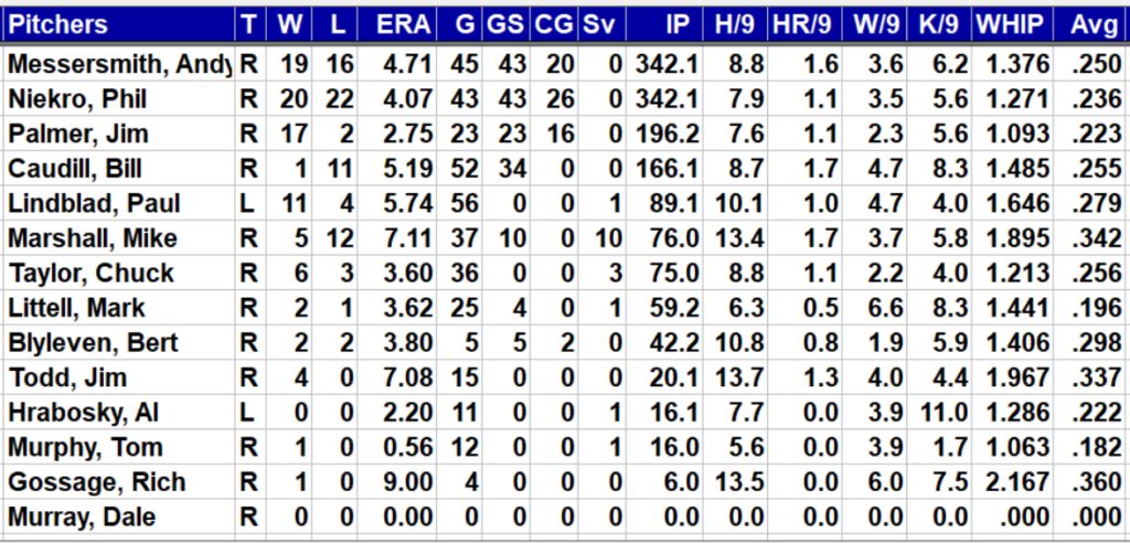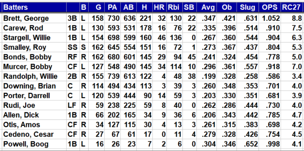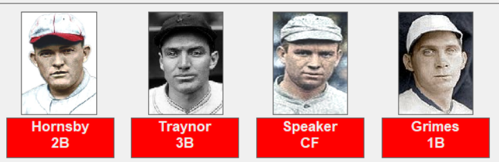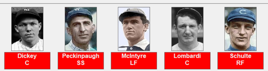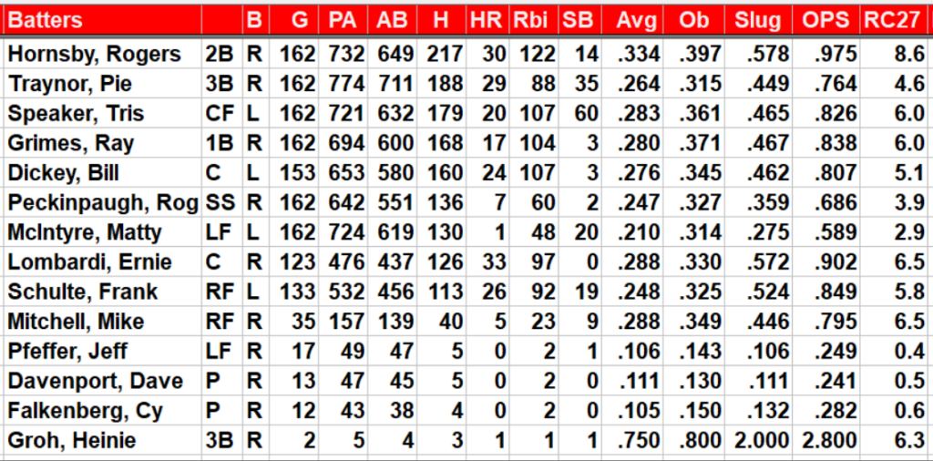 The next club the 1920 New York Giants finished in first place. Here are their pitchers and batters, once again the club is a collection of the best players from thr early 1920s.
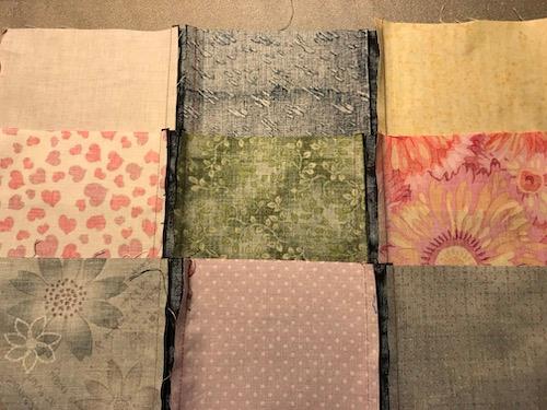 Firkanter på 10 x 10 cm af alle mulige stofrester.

==

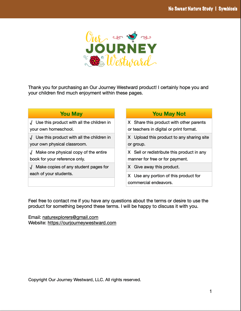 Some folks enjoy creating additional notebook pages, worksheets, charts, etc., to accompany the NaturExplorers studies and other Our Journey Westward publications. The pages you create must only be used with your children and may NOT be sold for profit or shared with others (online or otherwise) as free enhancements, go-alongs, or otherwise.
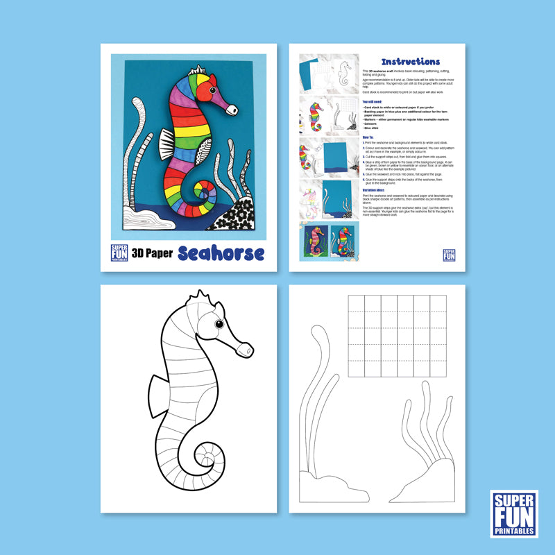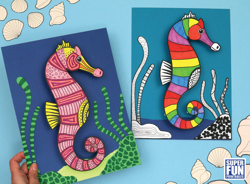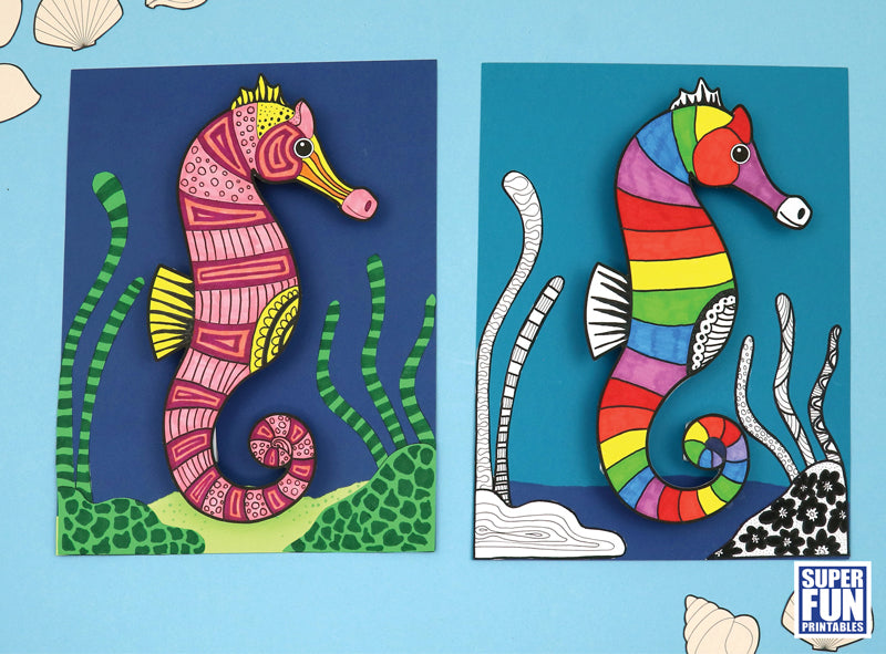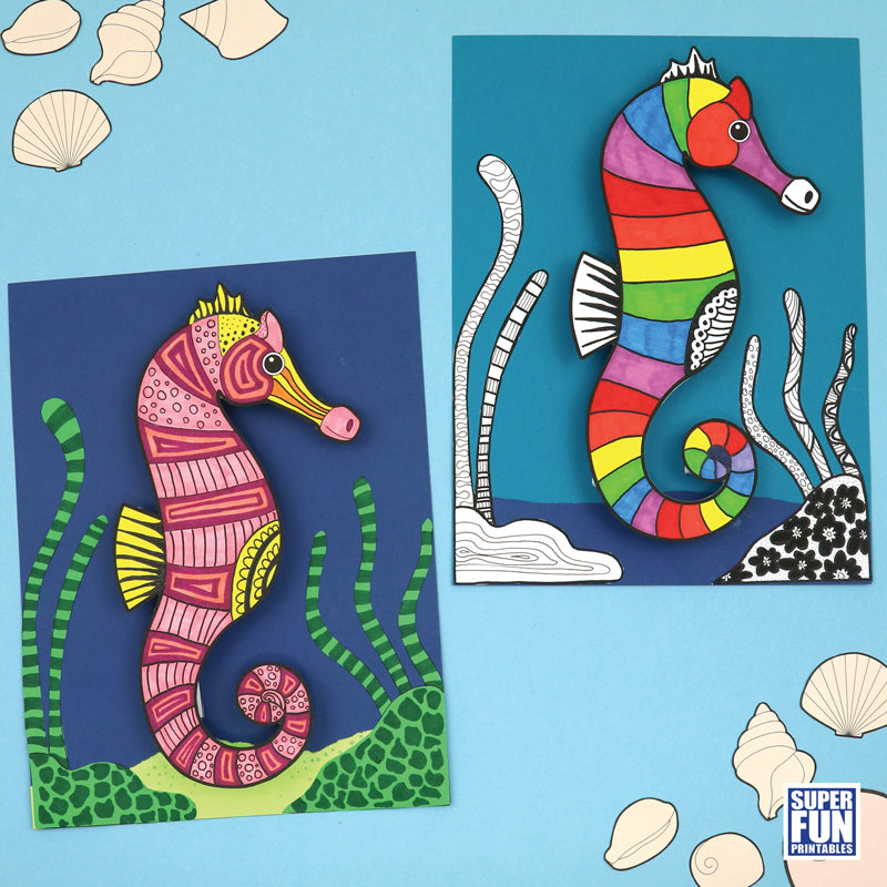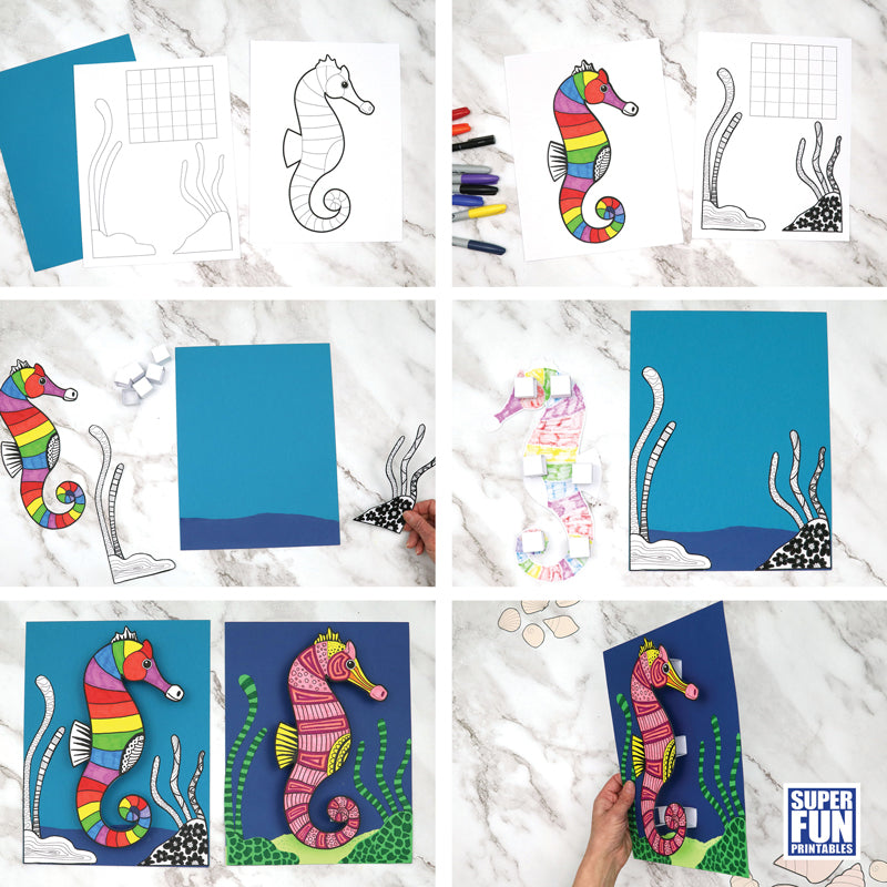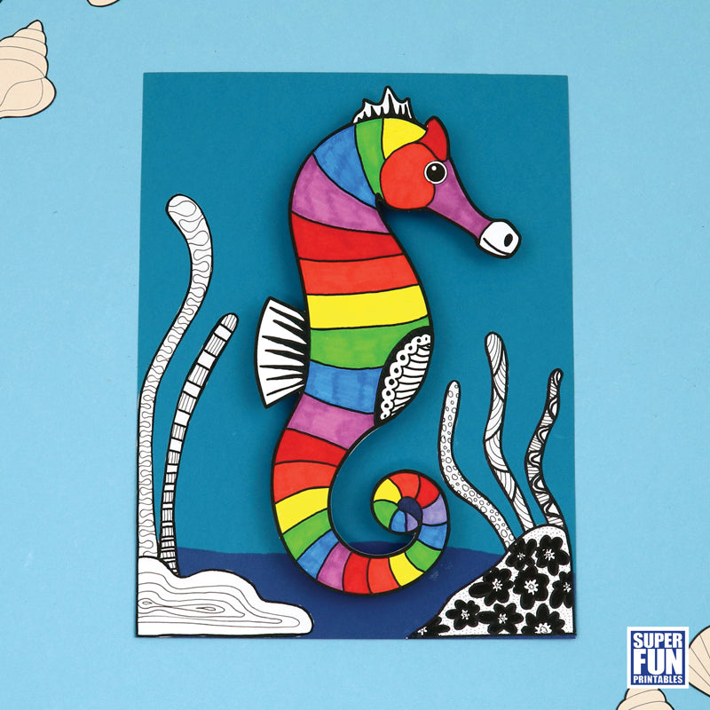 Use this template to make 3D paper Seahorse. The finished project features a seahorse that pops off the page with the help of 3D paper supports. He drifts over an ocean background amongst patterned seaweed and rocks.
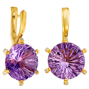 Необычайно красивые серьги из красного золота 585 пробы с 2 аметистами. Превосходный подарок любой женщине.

==

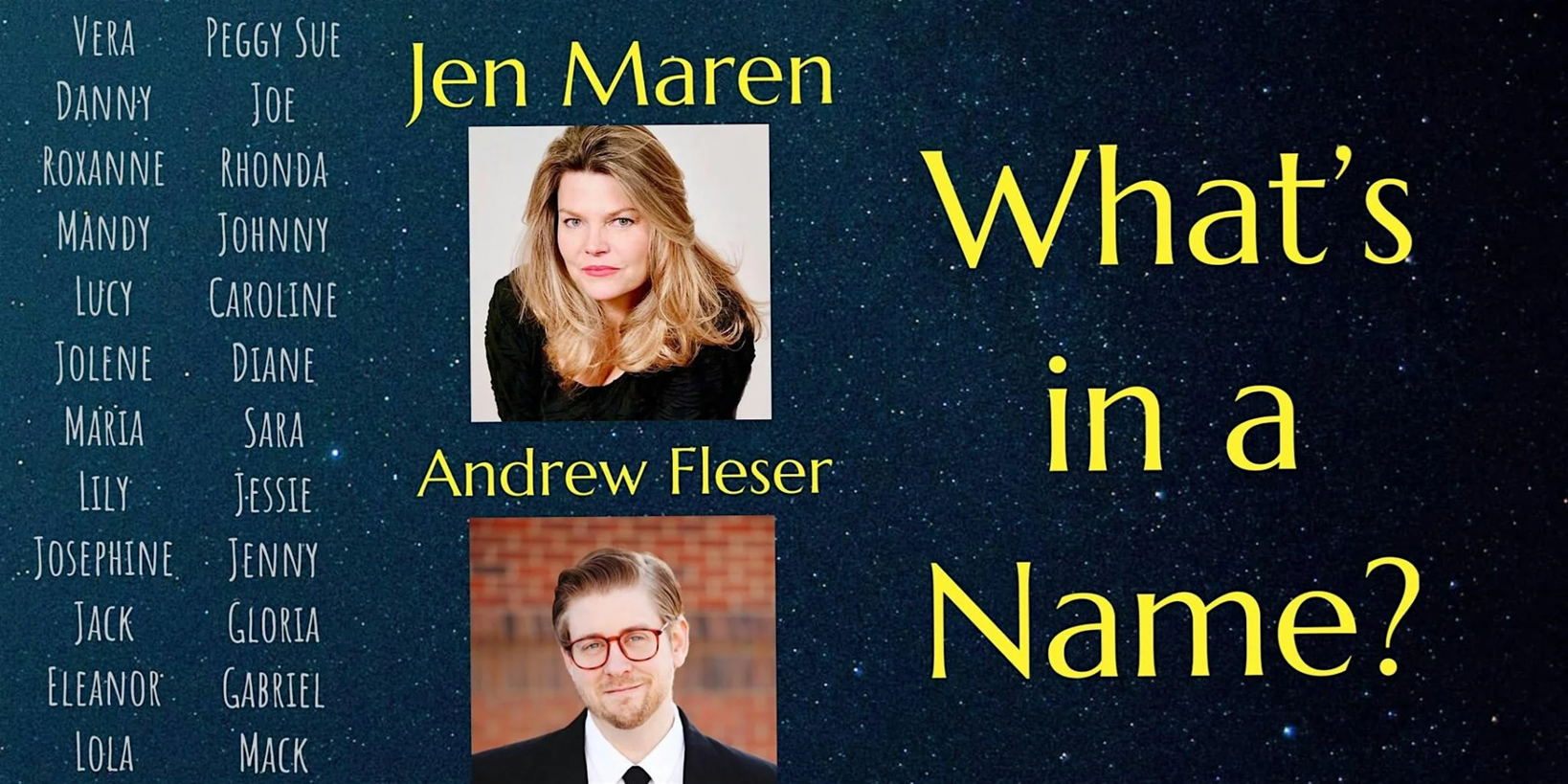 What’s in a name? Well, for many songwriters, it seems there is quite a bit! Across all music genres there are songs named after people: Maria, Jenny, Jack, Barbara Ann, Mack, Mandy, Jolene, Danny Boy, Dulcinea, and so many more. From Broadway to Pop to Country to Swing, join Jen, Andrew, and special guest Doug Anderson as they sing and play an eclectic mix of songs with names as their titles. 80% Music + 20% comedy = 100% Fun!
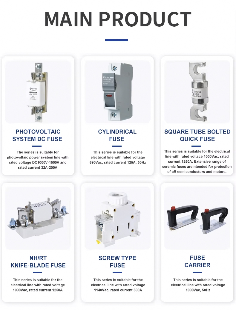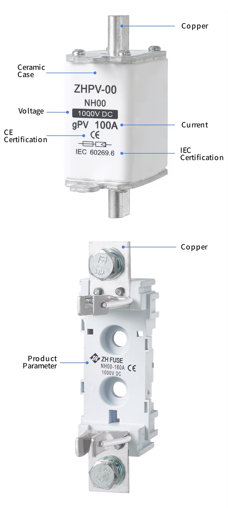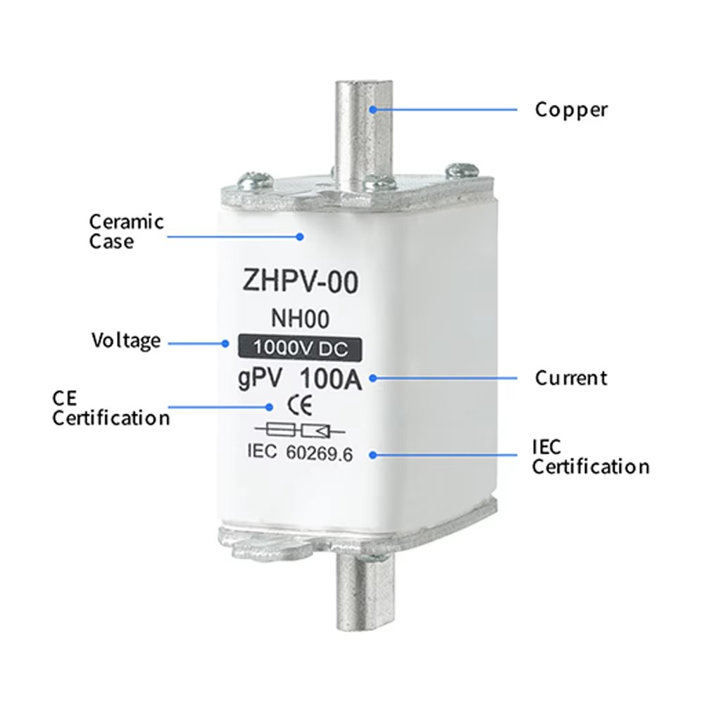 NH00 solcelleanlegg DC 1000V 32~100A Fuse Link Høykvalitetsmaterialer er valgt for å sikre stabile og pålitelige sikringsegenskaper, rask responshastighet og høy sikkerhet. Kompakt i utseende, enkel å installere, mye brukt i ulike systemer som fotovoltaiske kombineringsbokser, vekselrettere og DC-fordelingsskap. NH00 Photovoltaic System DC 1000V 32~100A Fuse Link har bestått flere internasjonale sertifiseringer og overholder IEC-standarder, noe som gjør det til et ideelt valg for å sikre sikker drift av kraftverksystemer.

About this exercise. Using the data above, copy exactly the lines from the one containing "Use this template" to the one containing "Необычайно красивые серьги", inclusive. Exclude the pictures.

Result of this task.
 Use this template to make 3D paper Seahorse. The finished project features a seahorse that pops off the page with the help of 3D paper supports. He drifts over an ocean background amongst patterned seaweed and rocks.
 Необычайно красивые серьги из красного золота 585 пробы с 2 аметистами. Превосходный подарок любой женщине.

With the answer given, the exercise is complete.